Visualization of a simple DNA segment alignment model

advertisement
Visualization of a simple DNA segment alignment model
Background
Biotechnology has brought us a number of very powerful tools to uncover many of life’s mysteries. These
tools have been developed through the cooperative efforts and skills of molecular biologists, biochemists,
mathematicians, physicists, engineers and computer scientists. Exciting problems can now be examined in
many areas such as: bioinformatics (Human Genome Project), forensic science (CSI), medicine (AIDS),
evolution (phylogeny), genetics, paleontology and anthropology (neanderthal and modern human
comparisons). The double stranded DNA molecule, itself often constructed of millions of nucleotides and
thousands of codons, comprises the genome or genetic package of every organism on earth.
Analysis of mutations or changes in the DNA structure through alignment programs can reveal
evolutionary or phylogenetic relationships of organisms. The degree or number of the shared ancestral
characters (homologies) reflects the relative closeness of the relationships of species of organisms or even
between individuals of the same species. Once the homology is hypothesized, often a difficult but critical
step, the phylogenic tree or trees can be generated based upon the degree of alignment of the homologous
nucleotides. Often difficulties may arise in separating homologies from homoplasies or analogous
characters (e.g. evolutionary convergence, parallel or reversals). On a higher level, shared amino acids,
or protein can also be extrapolated from segments of DNA to construct phylogenies.

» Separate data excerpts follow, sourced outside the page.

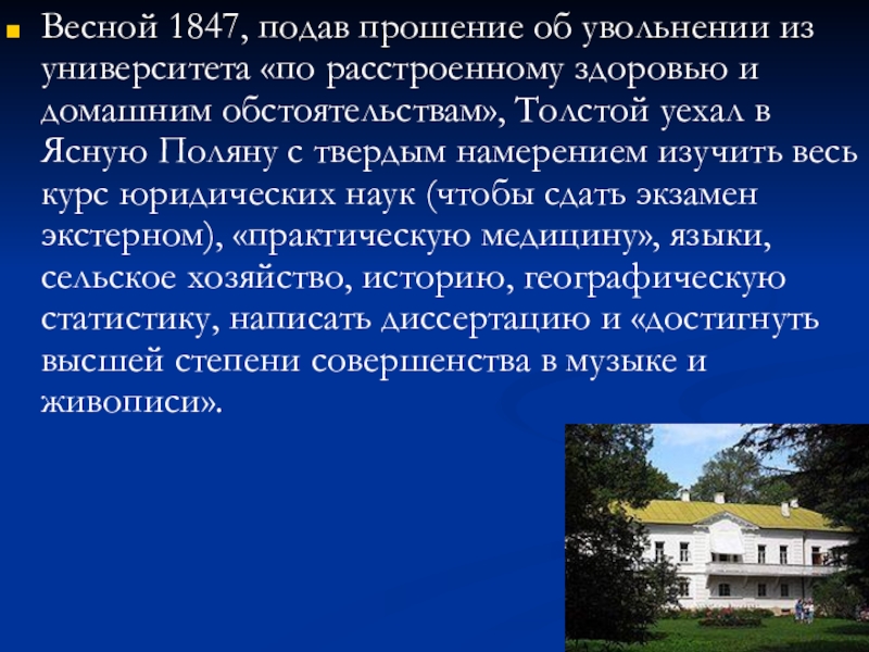 и домашним обстоятельствам», Толстой уехал в Ясную Поляну с твердым намерением изучить весь курс юридических наук (чтобы сдать экзамен экстерном), «практическую медицину», языки, сельское хозяйство, историю, географическую статистику, написать диссертацию и «достигнуть высшей степени совершенства в музыке и живописи».
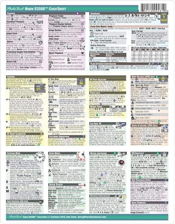 Light Falloff Cheat Sheet Card. Nikon D3500 Digital SLR Camera CHEATSHEET short version laminated instruction manual Pamphlet January 1 2018. To adjust aperture or shutter speed for varying conditions apply exposure reciprocity.
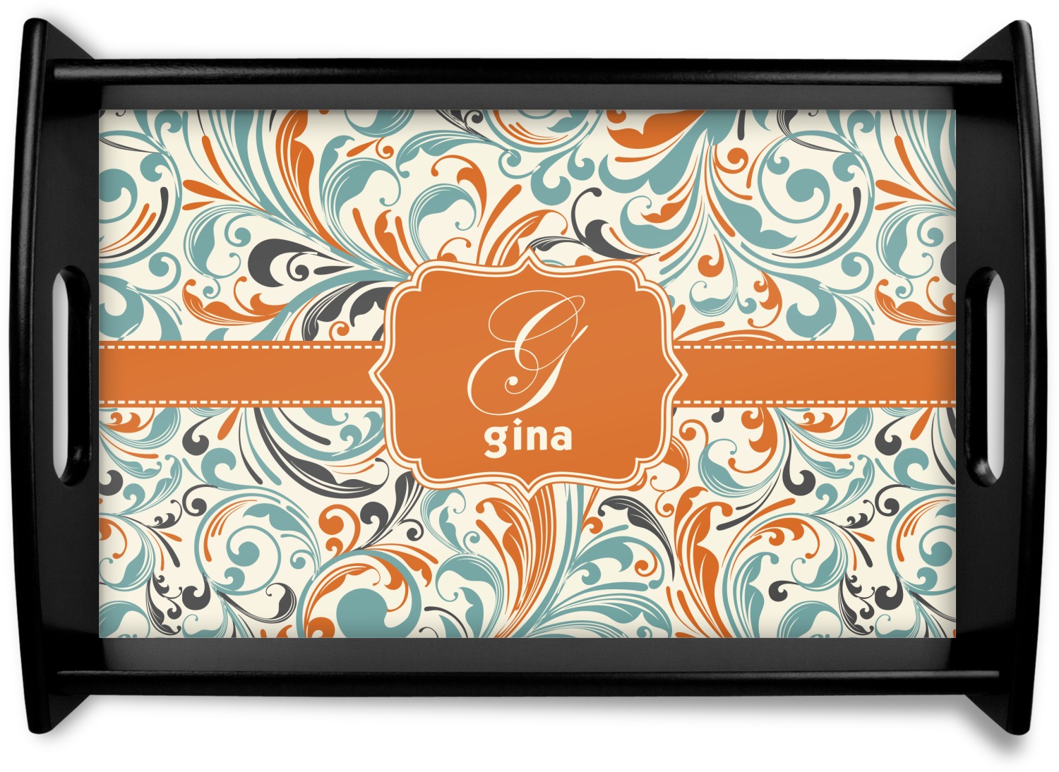 This serving tray with handles features square edges and two rounded sides, creating a very modern look. Each side is fabricated from a beautifully cut, natural wood. The bottom of the interior of the tray displays your customized design in bright, vibrant color. The tray is sold in both a black color and a natural wood look. Each variation of the wood serving tray has two sizes: Small, which is 14" x 10" x 2.25", and Large, which is 19.5" x 13.5" x 2.75".
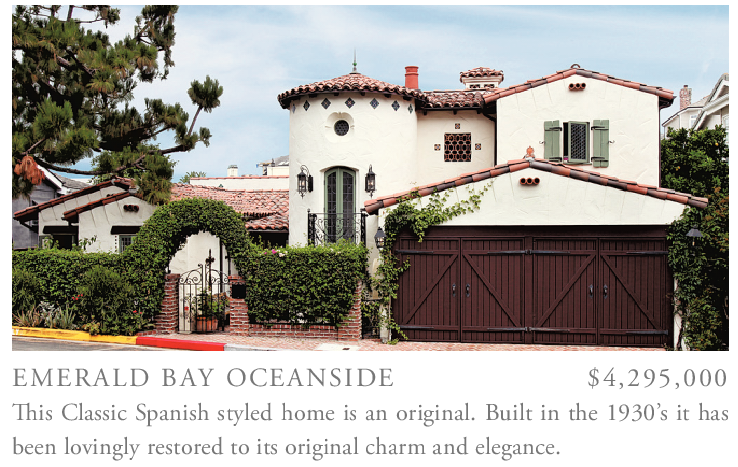 EMERALD BAY OCEANSIDE $4,295,000 This Classic Spanish styled home is an original. Built in the 1930’s it has been lovingly restored to its original charm and elegance.
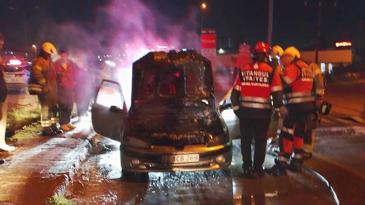 Silivri’de seyir halindeki otomobil alev alev yandı
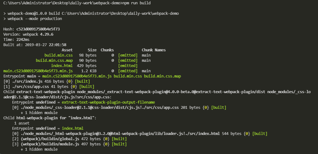 打包后的文件路径和配置信息,path为打包文件路径,filename为输出文件名称,name为原始文件名称,hash为打包后的hash地址:
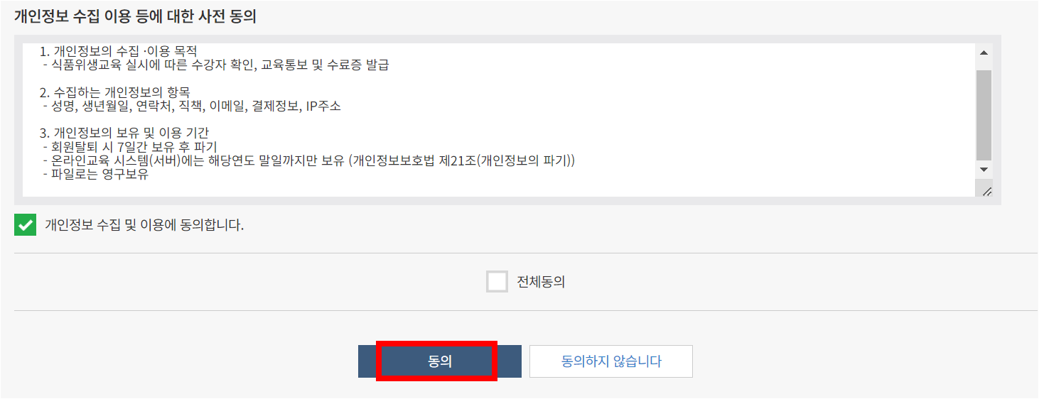 2. 약관 및 개인정보 수집에 전체동의하신 후 동의버튼을 클릭하세요.
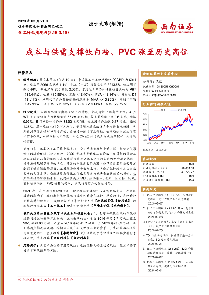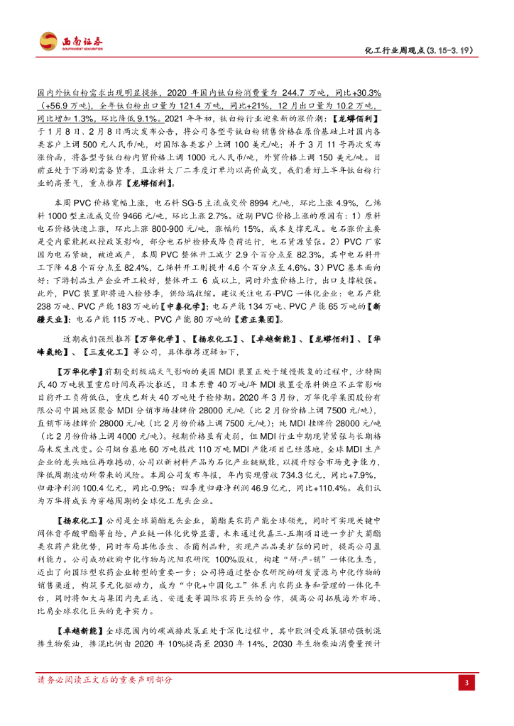 西南证券:化工行业周观点:成本与供需支撑钛白粉、PVC涨至历史高位.pdf
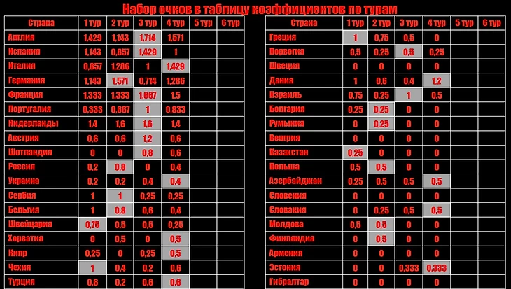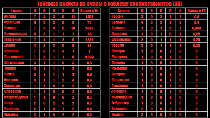 Напоминаем, что везде за победу и ничью даётся 2 и 1 очко соответственно, а количество набранных очков делится на количество заявленных в еврокубки клубов. У стран из топ-4 в строю все 7 команд и их очки делятся на 7 и добавляются в общую копилку. У многих стран осталось по 1 команде при том, что стартовало 4. Это значит, что по итогам тура набрать больше 0,5 никак нельзя. Учитывая эти факторы, мы и будем представлять цифровую картину.
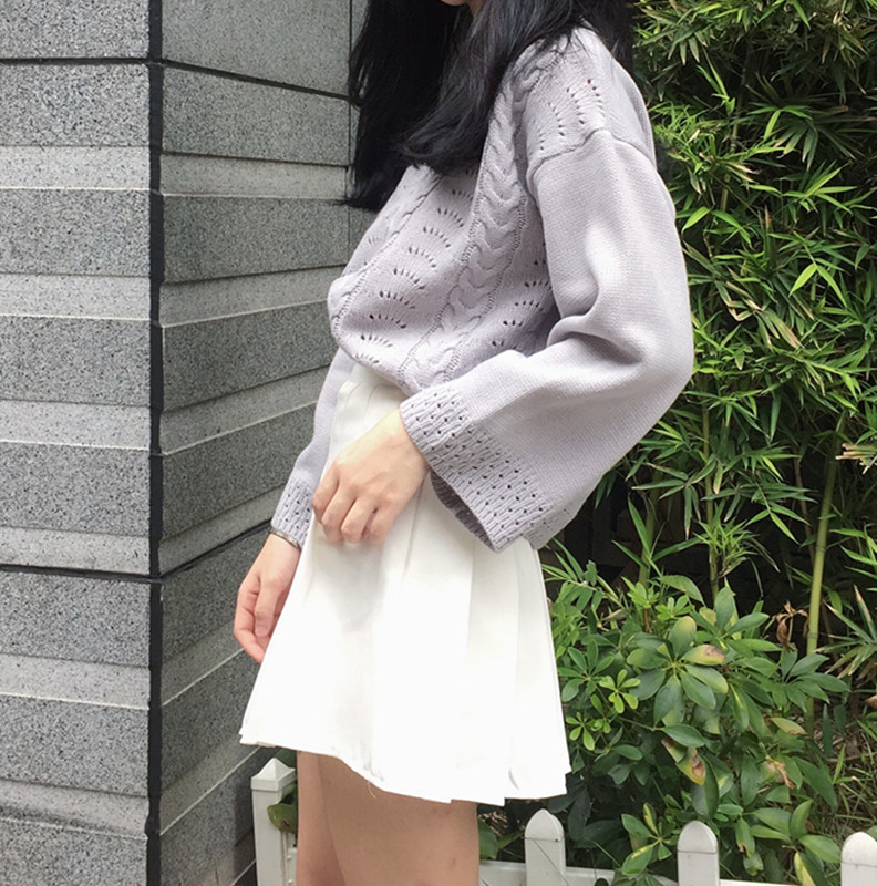 韓國鏤空短款寬松套頭毛衣上衣復古學生秋裝百搭長袖針織衫女
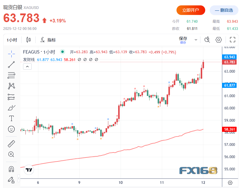 白银方面,现货白银站上63美元/盎司,再创新高,日内涨超3%,年内涨幅已超过115%。纽约期银日内大涨5.00%,现报64.08美元/盎司。
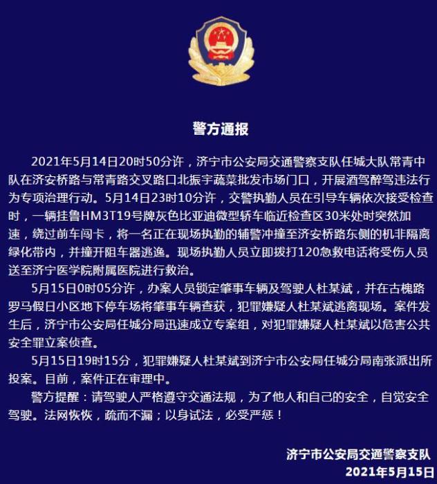 通报称,2021年5月14日20时50分许,济宁市公安局交通警察支队任城大队常青中队在济安桥路与常青路交叉路口北振宇蔬菜批发市场门口,开展酒驾醉驾违法行为专项治理行动。5月14日23时10分许,交警执勤人员在引导车辆依次接受检查时,一辆挂鲁HM3T19号牌灰色比亚迪微型轿车临近检查区30米处时突然加速,绕过前车闯卡,将一名正在现场执勤的辅警冲撞至济安桥路东侧的机非隔离绿化带内,并撞开阻车器逃逸。现场执勤人员立即拨打120急救电话将受伤人员送至济宁医学院附属医院进行救治。
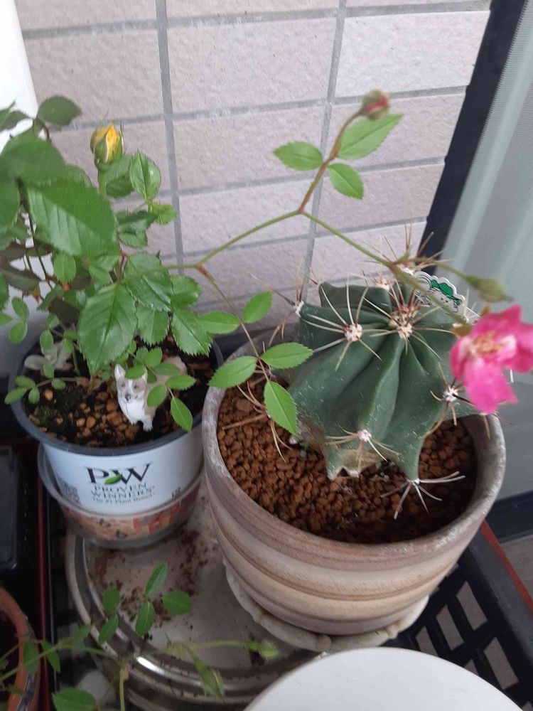 バルコニー/ベランダ,ミニ薔薇ほほえみ,植木鉢の花の投稿画像
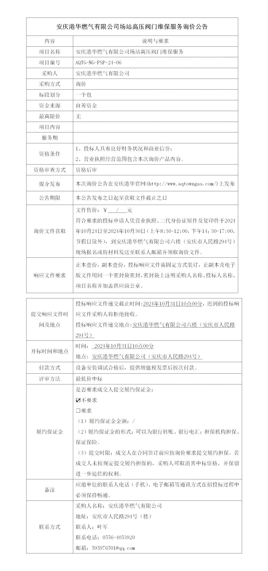 安慶港華燃?xì)庥邢薰緢稣靖邏洪y門維保服務(wù)詢價公告
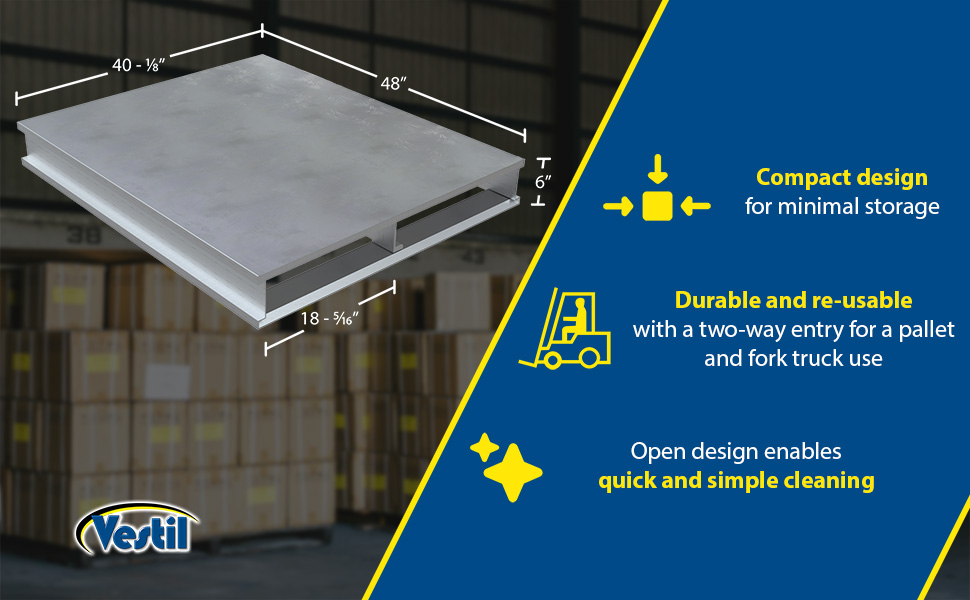 | Aluminum Solid Top with Skid Bottom 47-7/8 In. x 42 In. x 5-1/16 In. 6000 Lb. Capacity Silver | Entry: Skid Bottom Fork Opening Widths (in.): 19-9/16, 15-5/8 | 115 |
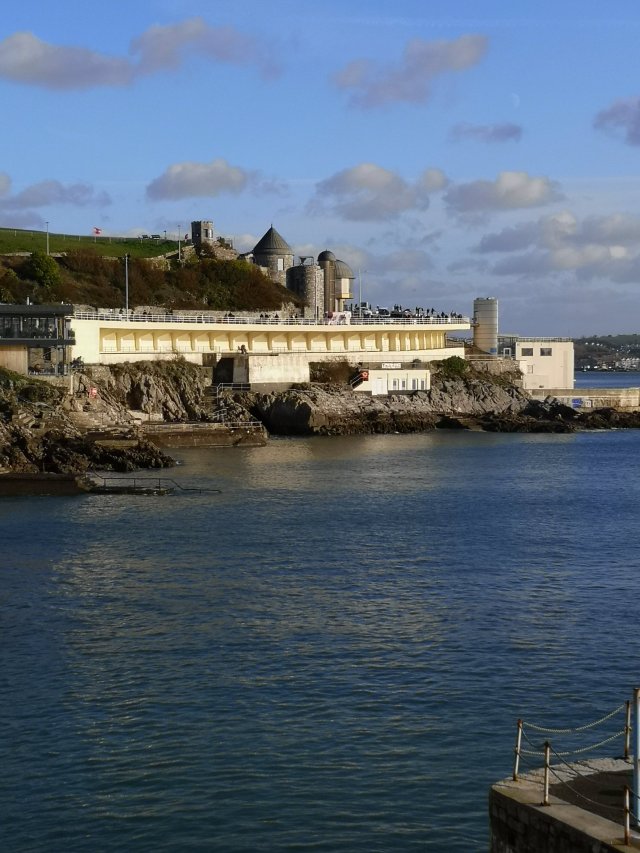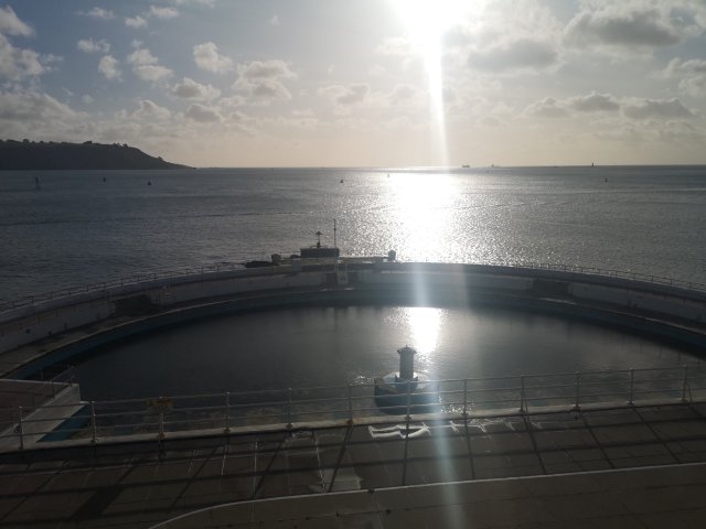 We basked in the winter sun, protected from the wind by the Collonades above Tinside pool.
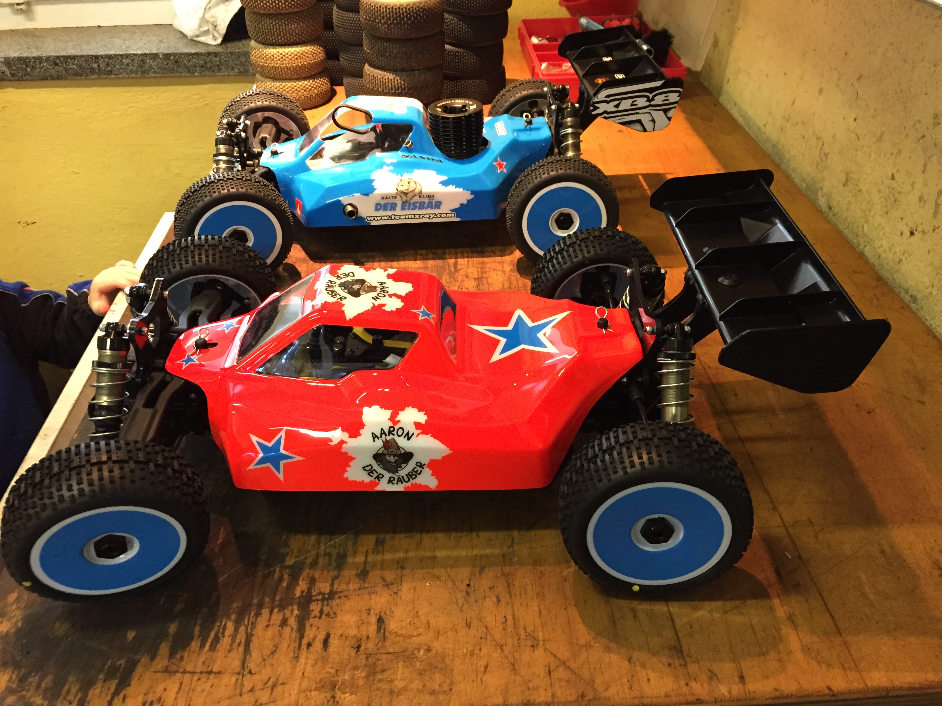 Dieses Jahr mit Mugen MBX-7R Eco (2x) und MBX-7 Nitro. Wobei Elias mal richtig auf seine Kosten kommen soll. Ich will nur ab und zu mal bei den Verbrennern bissel mitfahren (mit funktionierender Kupplung, festgeklebten Reifen und ohne Motorabsteller :D ) ... der Sprit soll ja auch nicht schlecht werden :D

MutationsGenetic mutations, a major source of genetic variation utilized by natural selection, can range from tiny
single nucleotide changes or deletions called point mutations (the subject of this module) to
macromutations of whole chromosomes changed by chromosomal additions, deletions or inversions. The
frequency and probability of each type of mutation is different depending upon the relative scale. This
model will examine the variation of these costs in various alignment paradigms.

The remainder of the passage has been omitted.